## Provided material
=-=-=
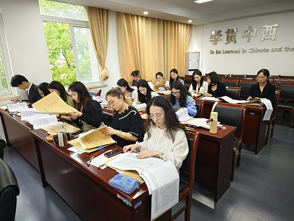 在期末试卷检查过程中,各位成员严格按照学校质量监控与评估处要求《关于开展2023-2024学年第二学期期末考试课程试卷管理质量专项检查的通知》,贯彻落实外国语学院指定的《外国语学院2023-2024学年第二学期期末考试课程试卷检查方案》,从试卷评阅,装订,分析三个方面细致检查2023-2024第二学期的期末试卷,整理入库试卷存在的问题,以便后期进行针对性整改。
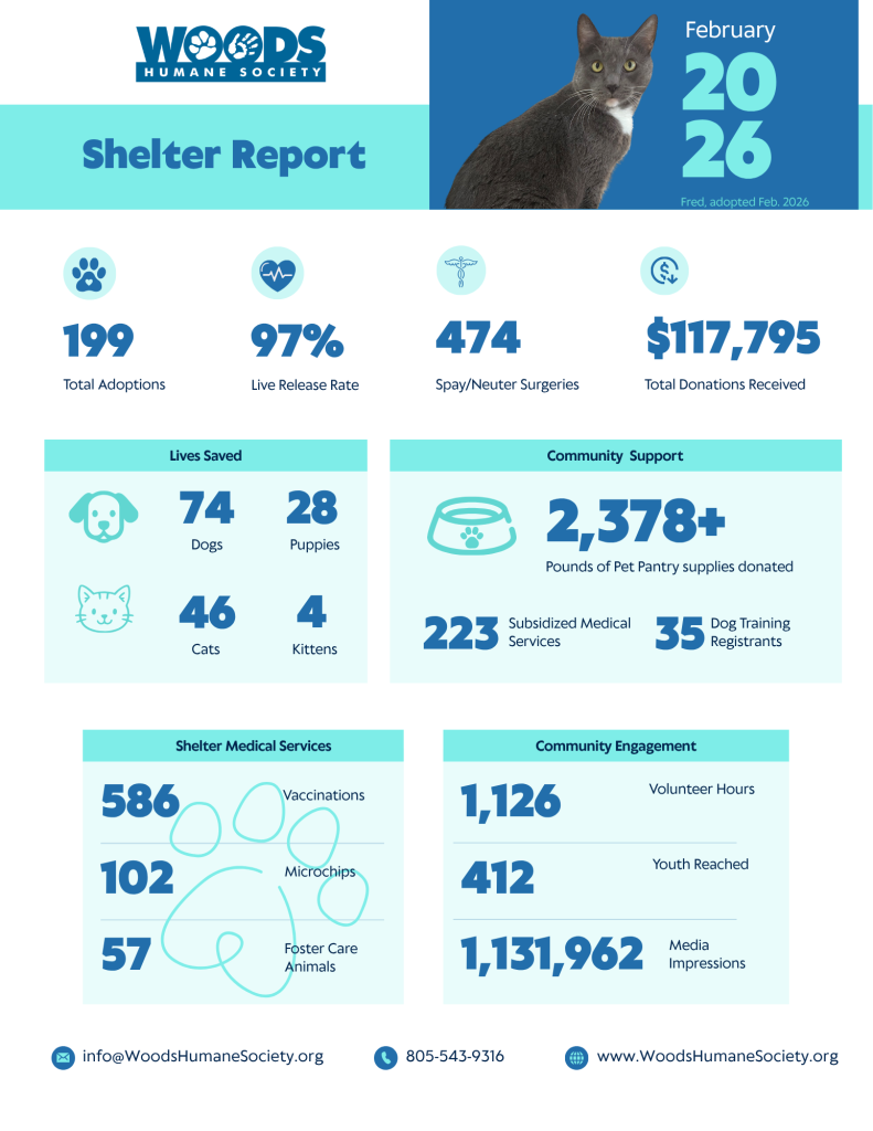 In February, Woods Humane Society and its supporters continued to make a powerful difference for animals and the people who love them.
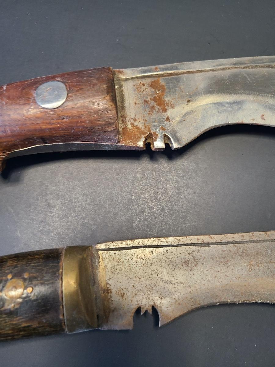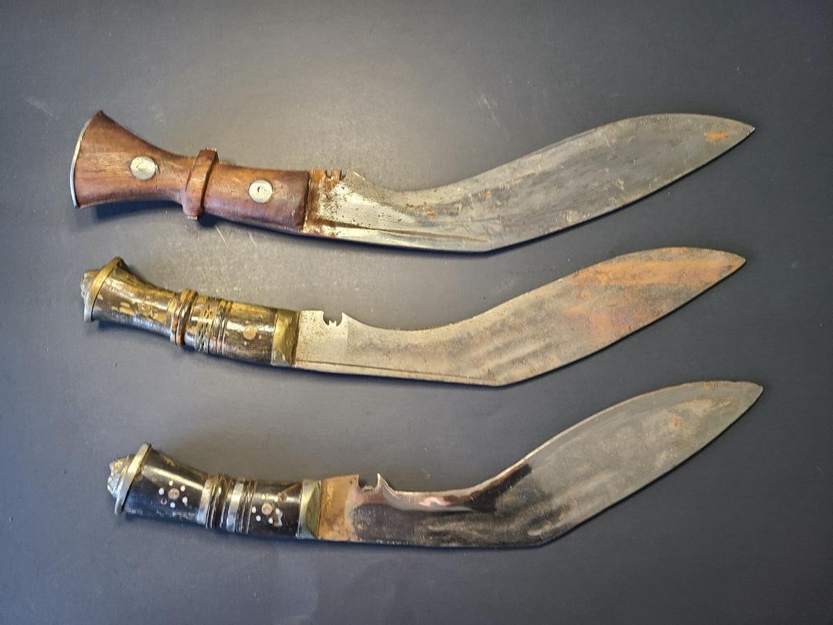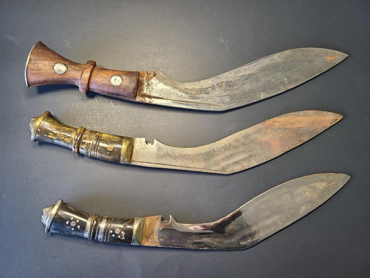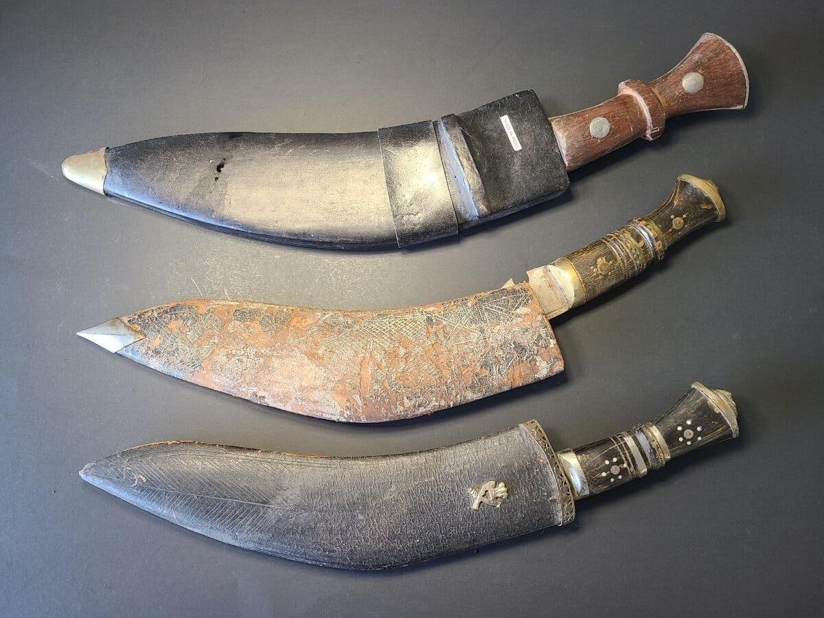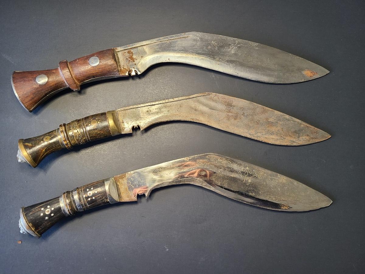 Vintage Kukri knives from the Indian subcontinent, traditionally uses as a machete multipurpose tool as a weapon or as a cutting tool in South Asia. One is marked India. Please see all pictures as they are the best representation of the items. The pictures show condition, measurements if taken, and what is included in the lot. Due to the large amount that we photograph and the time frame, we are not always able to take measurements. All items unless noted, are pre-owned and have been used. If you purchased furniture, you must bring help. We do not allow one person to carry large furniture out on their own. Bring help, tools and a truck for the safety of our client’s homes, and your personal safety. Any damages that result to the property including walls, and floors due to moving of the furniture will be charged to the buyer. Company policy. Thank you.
=-=-=
## What the exercise asks
The lines wanted are those from the start of the material above through the line with "In February, Woods", both included; print them exactly and skip any picture.

## Output
 在期末试卷检查过程中,各位成员严格按照学校质量监控与评估处要求《关于开展2023-2024学年第二学期期末考试课程试卷管理质量专项检查的通知》,贯彻落实外国语学院指定的《外国语学院2023-2024学年第二学期期末考试课程试卷检查方案》,从试卷评阅,装订,分析三个方面细致检查2023-2024第二学期的期末试卷,整理入库试卷存在的问题,以便后期进行针对性整改。
 In February, Woods Humane Society and its supporters continued to make a powerful difference for animals and the people who love them.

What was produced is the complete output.